- Court: United States Court of Appeals for the Seventh Circuit
- Full case name: Artnell Company v. Commissioner of Internal Revenue
- Decided: September 19, 1968
- Citations: 400 F.2d 981; 68-2 USTC (CCH) ¶ 9593

Case history
- Prior history: 48 T.C. 411 (1967)
- Subsequent history: On remand, T.C. Memo. 1970-85

Court membership
- Judges sitting: Roger Kiley, Luther Merritt Swygert, Thomas E. Fairchild

Case opinions
- Majority: Fairchild, joined by a unanimous court

Laws applied
- Internal Revenue Code

= Artnell Company v. Commissioner =

Artnell Company v. Commissioner, 400 F.2d 981 (7th Cir. 1968) is a decision by the 7th Circuit Court of Appeals, in which the court, distinguishing from the holding in Schlude v. Commissioner, held that accrual method taxpayers are not required to include prepayments in gross income when there is certainty as to when performance would occur.

== Facts ==

The petitioner, an accrual method taxpayer, operated the Chicago White Sox professional baseball franchise using a fiscal year for federal income tax purposes. During the 1962 taxable year, the club sold single and season tickets to games to be played during the 1963 taxable year. The petitioner failed to report income from the sales on its 1962 return and instead reported the receipts as income in 1963.

The petitioner's decision to include income from its ticket sales in 1963, rather than 1962, was part of their practice of reporting income from ticket sales as the corresponding games were played.
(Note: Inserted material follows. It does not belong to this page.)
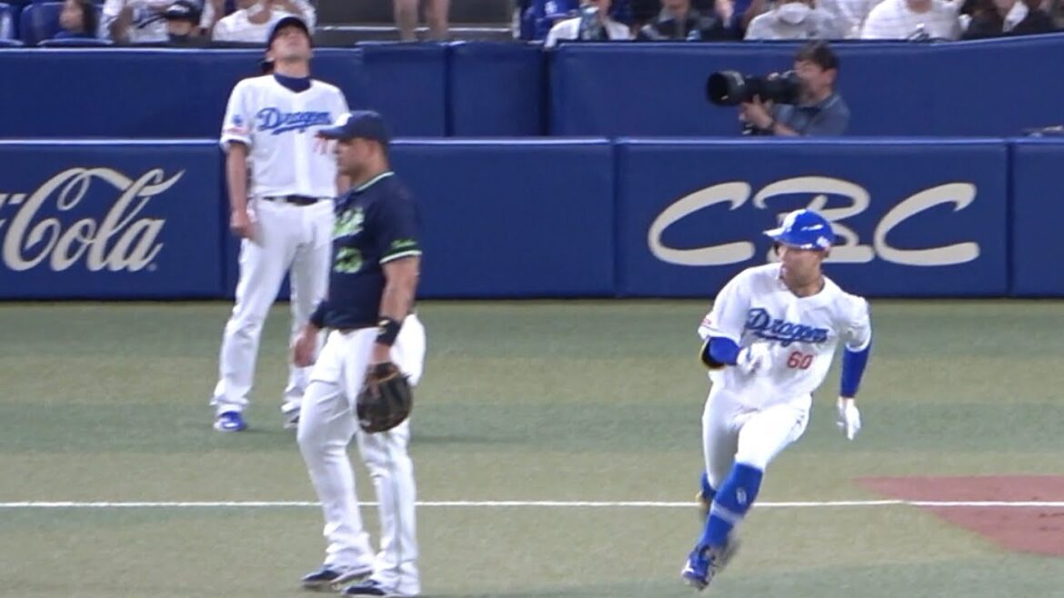 岡林がほんのあと僅かでホームランというフェン直ツーベース!荒木コーチのリアクション(笑) (2023/06/25)

The Commissioner argued that, in light of Schlude v. Commissioner, the income should have been reported in the year in which the payment was received, the 1962 taxable year.

== Issue ==

Must the taxpayer include in gross income for 1962 the sale of proceeds received from tickets allocable to games to be played in 1963?

== Holding ==

No. Despite the general rule that requires accrual method taxpayers to include advance payments in the year of receipt, the court carved out a narrow exception for taxpayers such as the petitioners, who are able to prove that services will be performed on fixed dates in one or more subsequent taxable years.

== Rationale ==

Generally, accrual method taxpayers include income in taxable year it is earned, rather than when it is received. However, the Supreme Court trilogy ending with Schlude required inclusion of prepayments in gross income because of the uncertainties as to when, or if, performance would occur. The court distinguished the facts of Artnell from this holding and found that the uncertainties present in previous cases that required the inclusion of advance payments in the year of receipt were not present. The Court found that the deferred income was attributable to games that were intended to be played on a fixed schedule and that notwithstanding rain delays there was certainty about when services would be performed. The court reasoned that there are some situations where deferral will so clearly reflect income, that the IRS abuses its discretion when it refuses to permit deferral.